Beginning with the line that includes "Das Apartment verfügt" and ending with the last line of the entries below, set down each line exactly; include no pictures.

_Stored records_
────

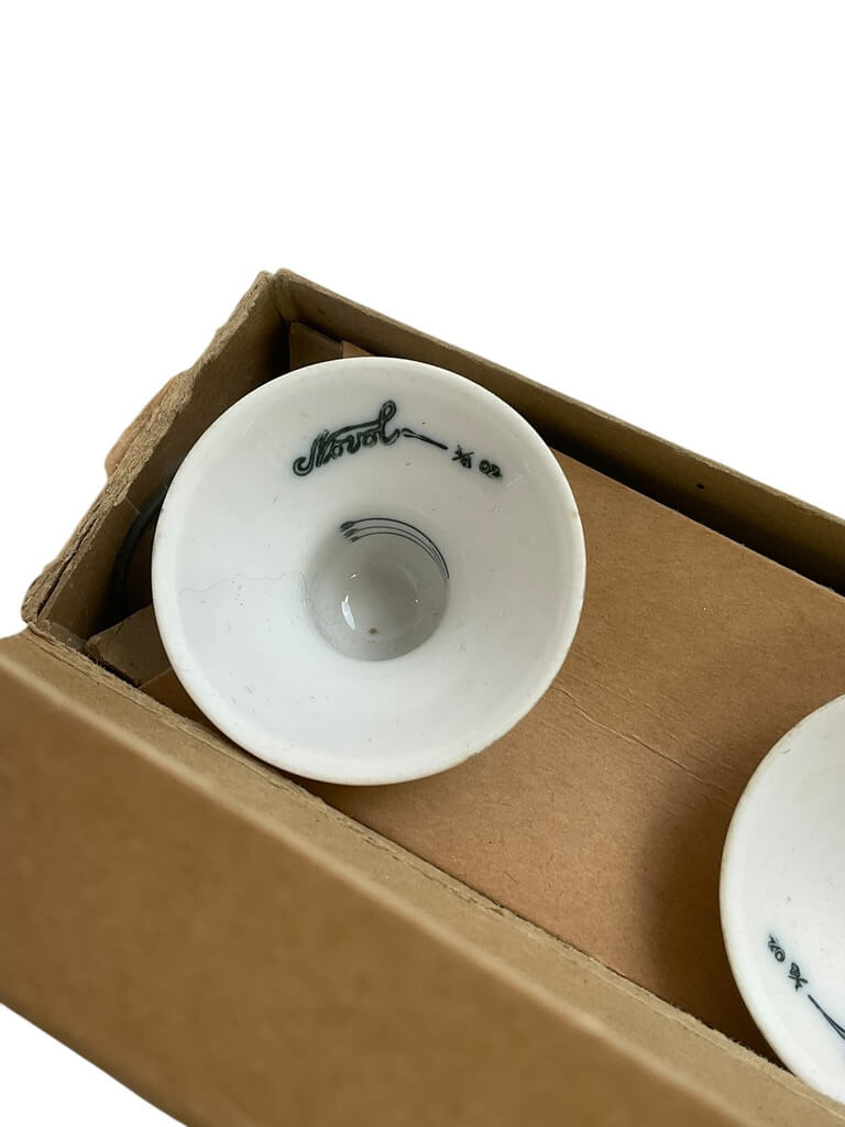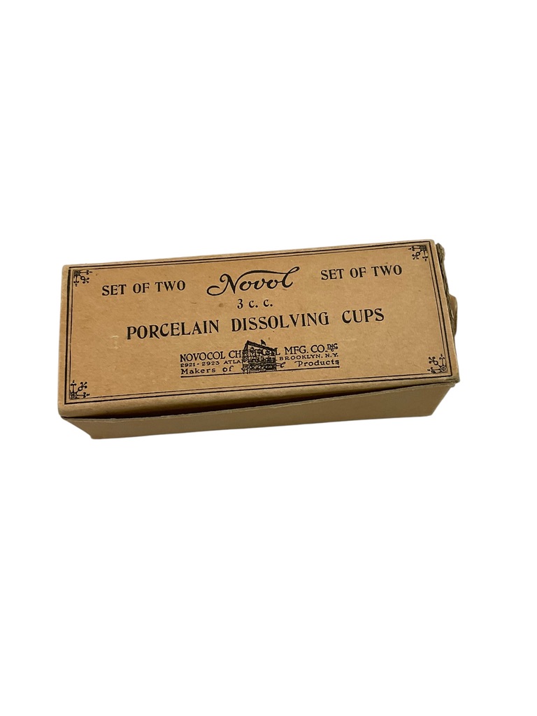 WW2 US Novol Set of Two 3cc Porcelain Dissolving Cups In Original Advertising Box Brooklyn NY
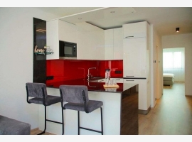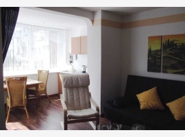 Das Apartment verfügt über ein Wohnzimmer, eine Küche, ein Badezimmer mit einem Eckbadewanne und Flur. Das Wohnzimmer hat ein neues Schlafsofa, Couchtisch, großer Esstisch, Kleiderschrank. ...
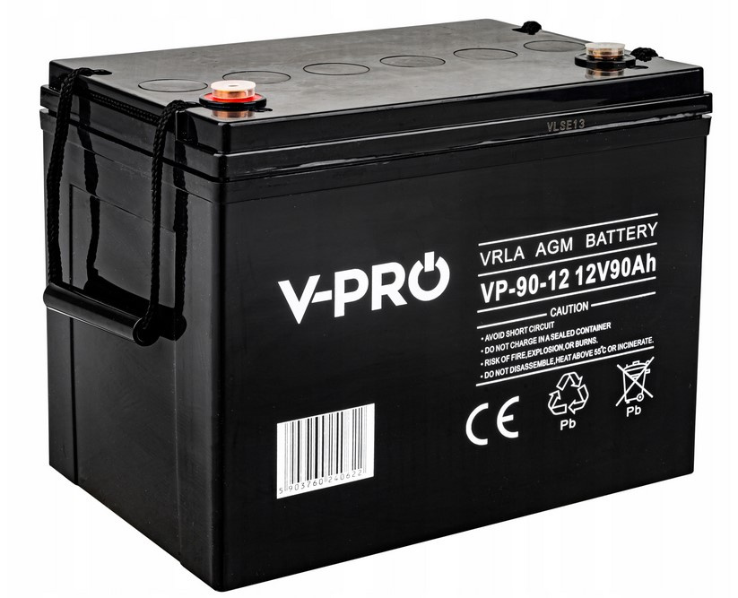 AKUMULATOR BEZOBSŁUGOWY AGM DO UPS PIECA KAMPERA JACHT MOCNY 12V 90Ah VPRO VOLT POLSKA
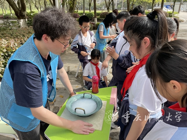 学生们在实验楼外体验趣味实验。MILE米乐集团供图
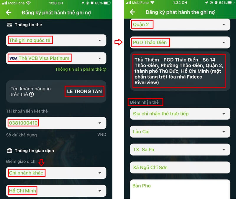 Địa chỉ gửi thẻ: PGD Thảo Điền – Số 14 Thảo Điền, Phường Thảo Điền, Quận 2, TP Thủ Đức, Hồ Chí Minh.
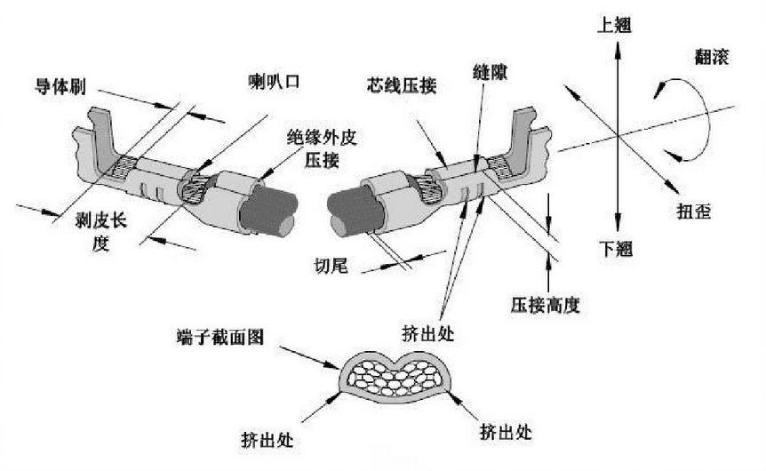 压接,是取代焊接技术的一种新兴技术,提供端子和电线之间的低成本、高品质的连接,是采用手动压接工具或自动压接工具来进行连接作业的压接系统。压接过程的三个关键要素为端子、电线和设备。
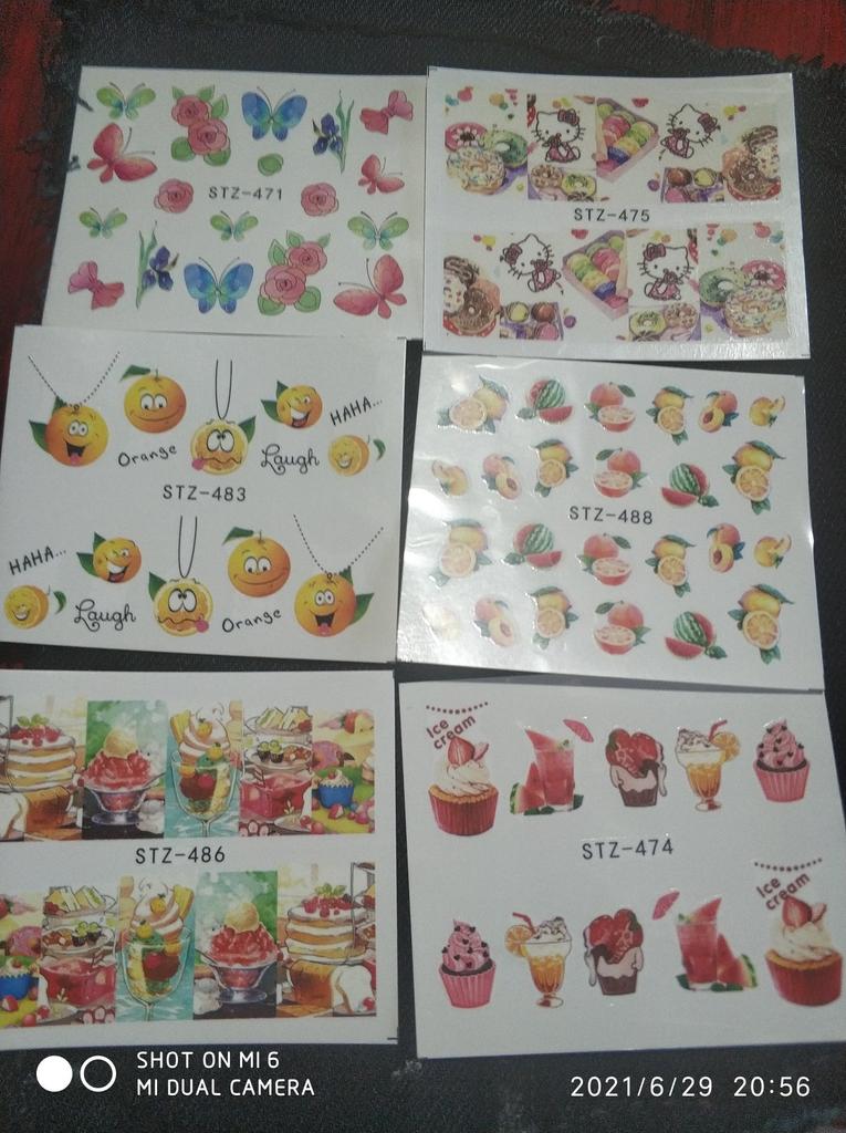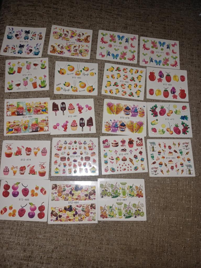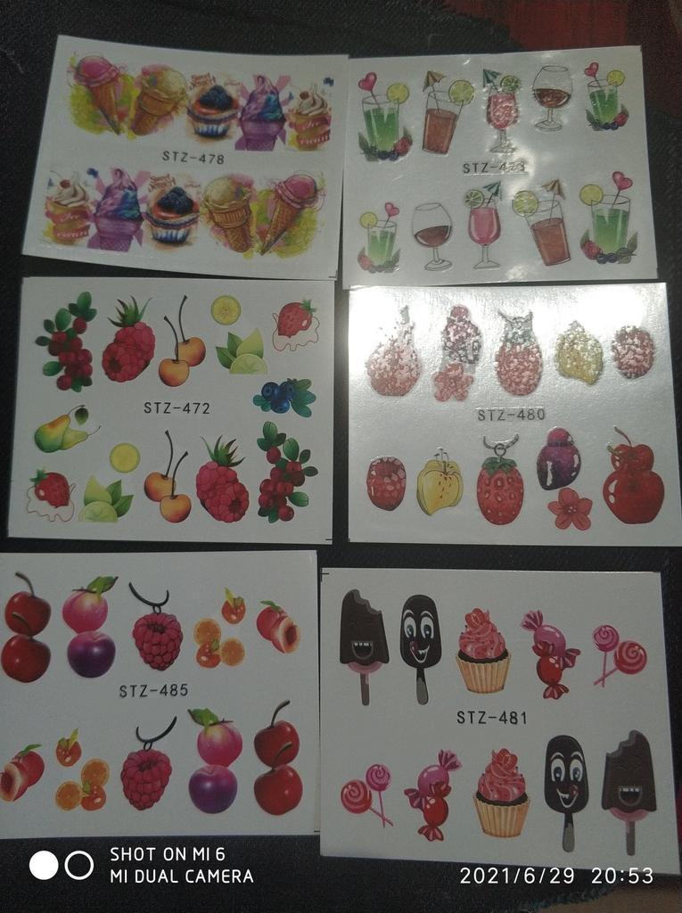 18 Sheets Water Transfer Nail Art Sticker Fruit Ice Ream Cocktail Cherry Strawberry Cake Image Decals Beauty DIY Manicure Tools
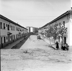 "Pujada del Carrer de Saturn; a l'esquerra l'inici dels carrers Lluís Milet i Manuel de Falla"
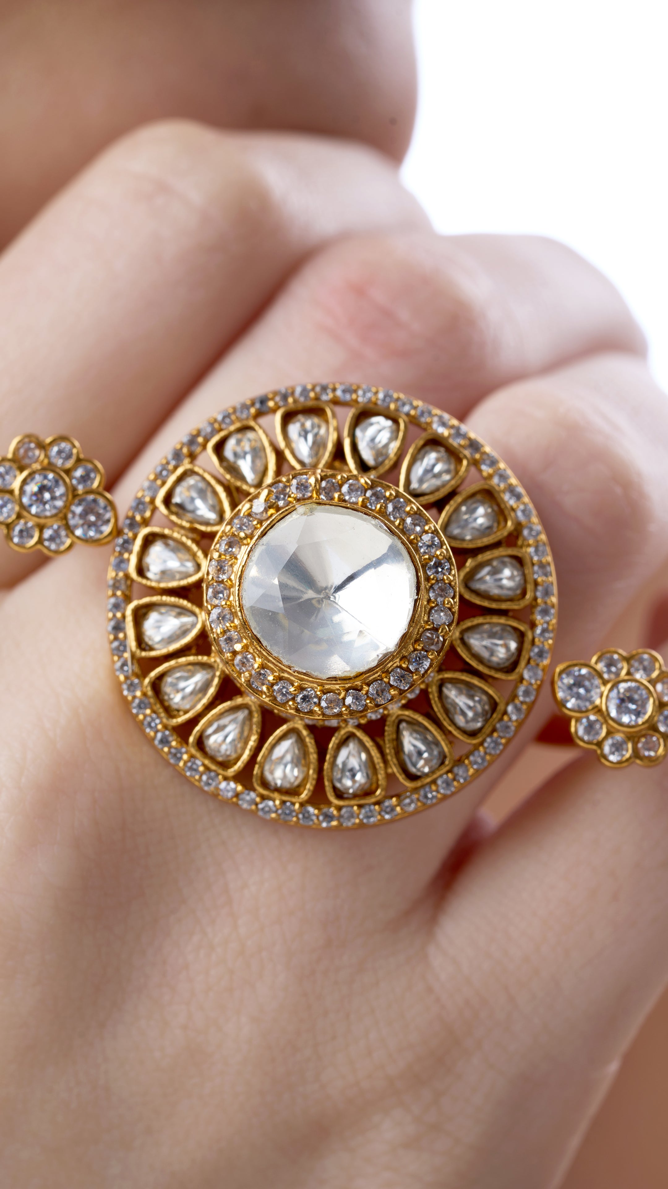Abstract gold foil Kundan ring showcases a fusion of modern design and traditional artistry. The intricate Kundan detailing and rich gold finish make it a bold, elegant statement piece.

────

_Written solution_
 Das Apartment verfügt über ein Wohnzimmer, eine Küche, ein Badezimmer mit einem Eckbadewanne und Flur. Das Wohnzimmer hat ein neues Schlafsofa, Couchtisch, großer Esstisch, Kleiderschrank. ...
 AKUMULATOR BEZOBSŁUGOWY AGM DO UPS PIECA KAMPERA JACHT MOCNY 12V 90Ah VPRO VOLT POLSKA
 学生们在实验楼外体验趣味实验。MILE米乐集团供图
 Địa chỉ gửi thẻ: PGD Thảo Điền – Số 14 Thảo Điền, Phường Thảo Điền, Quận 2, TP Thủ Đức, Hồ Chí Minh.
 压接,是取代焊接技术的一种新兴技术,提供端子和电线之间的低成本、高品质的连接,是采用手动压接工具或自动压接工具来进行连接作业的压接系统。压接过程的三个关键要素为端子、电线和设备。
 18 Sheets Water Transfer Nail Art Sticker Fruit Ice Ream Cocktail Cherry Strawberry Cake Image Decals Beauty DIY Manicure Tools
 "Pujada del Carrer de Saturn; a l'esquerra l'inici dels carrers Lluís Milet i Manuel de Falla"
Abstract gold foil Kundan ring showcases a fusion of modern design and traditional artistry. The intricate Kundan detailing and rich gold finish make it a bold, elegant statement piece.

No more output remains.